◆ **Aim of the exercise**:
Below are some records. Set down exactly the line holding "των Βάσκων αυτονομιστών." and every later line through the end, omitting the pictures.

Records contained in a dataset
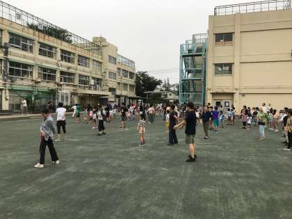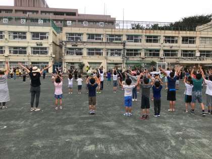 眠そうな目をこすりながら、たくさんの子供達、お家の方、地域の方、校外委員の方、そして上用賀朝会の方々が集合して行われました。
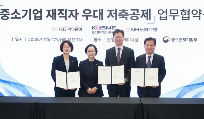 [È£³²´º½º¶óÀÎ = ¼ÀºÈ« ±âÀÚ] Áß¼Òº¥Ã³±â¾÷ºÎ(Àå°ü ÇѼº¼÷, ÀÌÇÏ Áß±âºÎ) ±¤ÁÖÀü³²Áö¹æÁß¼Òº¥Ã³±â¾÷û(ûÀå ¹ÚÁ¾Âù)¿¡ µû¸£¸é, 11¿ù 17ÀÏ ÀºÇàȸ°ü¿¡¼ NH³óÇùÀºÇà(ÀºÇàÀå °Å¿µ, ÀÌÇÏ ³óÇùÀºÇà), KB±¹¹ÎÀºÇà(ÀºÇàÀå ÀÌȯÁÖ, ÀÌÇÏ ±¹¹ÎÀºÇà), Áß¼Òº¥Ã³±â¾÷ÁøÈï°ø´Ü(ÀÌ»çÀå °¼®Áø, ÀÌÇÏ ÁßÁø°ø) °£ ¡¸Áß¼Ò±â¾÷ ÀçÁ÷ÀÚ ¿ì´ë ÀúÃà°øÁ¦¡¹(ÀÌÇÏ ¿ì´ë ÀúÃà°øÁ¦) Ãë±ÞÀºÇà È®´ë¸¦ À§ÇÑ ¾÷¹«Çù¾àÀ» ü°áÇß´Ù°í ¹àÇû´Ù.
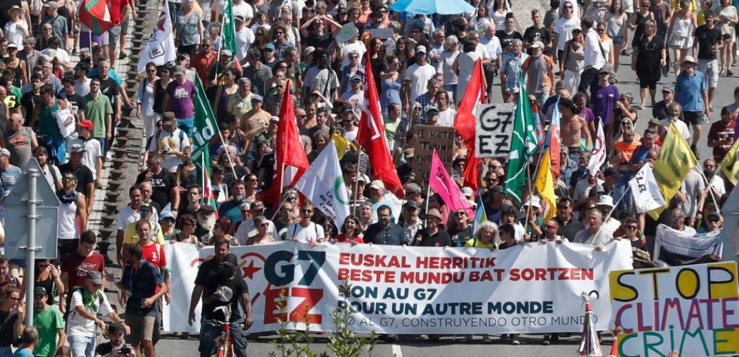 “Όχι στην G7. Για έναν καλύτερο κόσμο”, έγραφε ένα πανό. “Επικεφαλής κρατών, ο Αμαζόνιος φλέγεται”, έγραφε ένα άλλο.Οι διαδηλωτές πραγματοποίησαν πορεία από την πόλη Εντάι ως την πόλη Ιρούν της Ισπανίας, περίπου 30 χλμ νοτίως της Μπιαρίτς.Οι διαδηλωτές προέρχονταν από όλες τις περιοχές της Γαλλίας και πέραν των συνόρων της, στην περιοχή των Βάσκων αυτονομιστών.
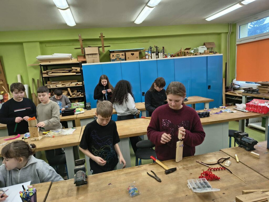 Žiaci 6.B sa pustili do tvorivej práce a vyrábali robotov z rôznych materiálov. Pri práci využívali drevo, kov aj plast,
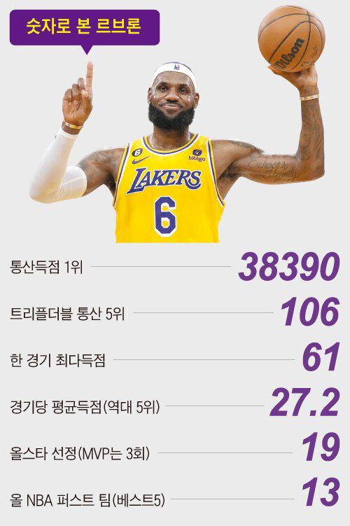 르브론 3만8390점, NBA 통산득점 1위… 39년만에 압둘자바 넘어

◆ **Response**:
 “Όχι στην G7. Για έναν καλύτερο κόσμο”, έγραφε ένα πανό. “Επικεφαλής κρατών, ο Αμαζόνιος φλέγεται”, έγραφε ένα άλλο.Οι διαδηλωτές πραγματοποίησαν πορεία από την πόλη Εντάι ως την πόλη Ιρούν της Ισπανίας, περίπου 30 χλμ νοτίως της Μπιαρίτς.Οι διαδηλωτές προέρχονταν από όλες τις περιοχές της Γαλλίας και πέραν των συνόρων της, στην περιοχή των Βάσκων αυτονομιστών.
 Žiaci 6.B sa pustili do tvorivej práce a vyrábali robotov z rôznych materiálov. Pri práci využívali drevo, kov aj plast,
 르브론 3만8390점, NBA 통산득점 1위… 39년만에 압둘자바 넘어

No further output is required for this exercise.